The following Amazon Athena query example shows how to get all PUT object requests for Amazon S3 from a server access log.

Example — Show all requesters that are sending PUT object requests in a certain period
SELECT bucket_name, requester, remoteip, key, httpstatus, errorcode, requestdatetime FROM s3_access_logs_db WHERE operation='REST.PUT.OBJECT' AND parse_datetime(requestdatetime,'dd/MMM/yyyy:HH:mm:ss Z') BETWEEN parse_datetime('2019-07-01:00:42:42','yyyy-MM-dd:HH:mm:ss') AND parse_datetime('2019-07-02:00:42:42','yyyy-MM-dd:HH:mm:ss')

The following Amazon Athena query example shows how to get all GET object requests for Amazon S3 from the server access log.

Example — Show all requesters that are sending GET object requests in a certain period
SELECT bucket_name, requester, remoteip, key, httpstatus, errorcode, requestdatetime FROM s3_access_logs_db WHERE operation='REST.GET.OBJECT' AND parse_datetime(requestdatetime,'dd/MMM/yyyy:HH:mm:ss Z') BETWEEN parse_datetime('2019-07-01:00:42:42','yyyy-MM-dd:HH:mm:ss') AND parse_datetime('2019-07-02:00:42:42','yyyy-MM-dd:HH:mm:ss')

The following Amazon Athena query example shows how to get all anonymous requests to your S3 buckets from the server access log.

Example — Show all anonymous requesters that are making requests to a bucket during a certain period
SELECT bucket_name, requester, remoteip, key, httpstatus, errorcode, requestdatetime FROM s3_access_logs_db.mybucket_logs WHERE requester IS NULL AND parse_datetime(requestdatetime,'dd/MMM/yyyy:HH:mm:ss Z') BETWEEN parse_datetime('2019-07-01:00:42:42','yyyy-MM-dd:HH:mm:ss') AND parse_datetime('2019-07-02:00:42:42','yyyy-MM-dd:HH:mm:ss')
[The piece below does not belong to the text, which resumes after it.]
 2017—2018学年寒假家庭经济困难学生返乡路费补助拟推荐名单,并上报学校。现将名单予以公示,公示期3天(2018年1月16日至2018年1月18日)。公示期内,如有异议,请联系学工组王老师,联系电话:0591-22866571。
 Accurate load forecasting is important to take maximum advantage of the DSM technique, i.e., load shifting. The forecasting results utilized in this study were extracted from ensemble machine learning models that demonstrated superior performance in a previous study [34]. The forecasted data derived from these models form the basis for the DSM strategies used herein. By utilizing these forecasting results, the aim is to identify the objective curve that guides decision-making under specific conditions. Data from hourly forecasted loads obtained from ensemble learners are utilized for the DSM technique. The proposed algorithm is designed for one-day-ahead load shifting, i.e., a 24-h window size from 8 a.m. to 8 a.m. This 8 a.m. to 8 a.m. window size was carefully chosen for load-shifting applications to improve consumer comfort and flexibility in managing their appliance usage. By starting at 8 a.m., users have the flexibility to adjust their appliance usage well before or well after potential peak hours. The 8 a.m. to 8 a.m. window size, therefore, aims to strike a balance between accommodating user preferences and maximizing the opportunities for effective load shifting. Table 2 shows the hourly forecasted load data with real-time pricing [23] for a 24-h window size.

The following Amazon Athena query shows how to identify all requests to your S3 buckets that required an access control list (ACL) for authorization. You can use this information to migrate those ACL permissions to the appropriate bucket policies and disable ACLs. After you've created these bucket policies, you can disable ACLs for these buckets. For more information about disabling ACLs, see Prerequisites for disabling ACLs.
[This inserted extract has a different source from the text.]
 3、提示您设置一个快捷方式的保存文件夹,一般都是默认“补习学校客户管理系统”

Example — Identify all requests that required an ACL for authorization
SELECT bucket_name, requester, key, operation, aclrequired, requestdatetime FROM s3_access_logs_db WHERE aclrequired = 'Yes' AND parse_datetime(requestdatetime,'dd/MMM/yyyy:HH:mm:ss Z') BETWEEN parse_datetime('2022-05-10:00:00:00','yyyy-MM-dd:HH:mm:ss') AND parse_datetime('2022-08-10:00:00:00','yyyy-MM-dd:HH:mm:ss')
Note
  • You can modify the date range as needed to suit your needs.

  • These query examples might also be useful for security monitoring. You can review the results for PutObject or GetObject calls from unexpected or unauthorized IP addresses or requesters and for identifying any anonymous requests to your buckets.

  • This query only retrieves information from the time at which logging was enabled.

  • If you are using Amazon CloudTrail logs, see Identifying access to S3 objects by using CloudTrail.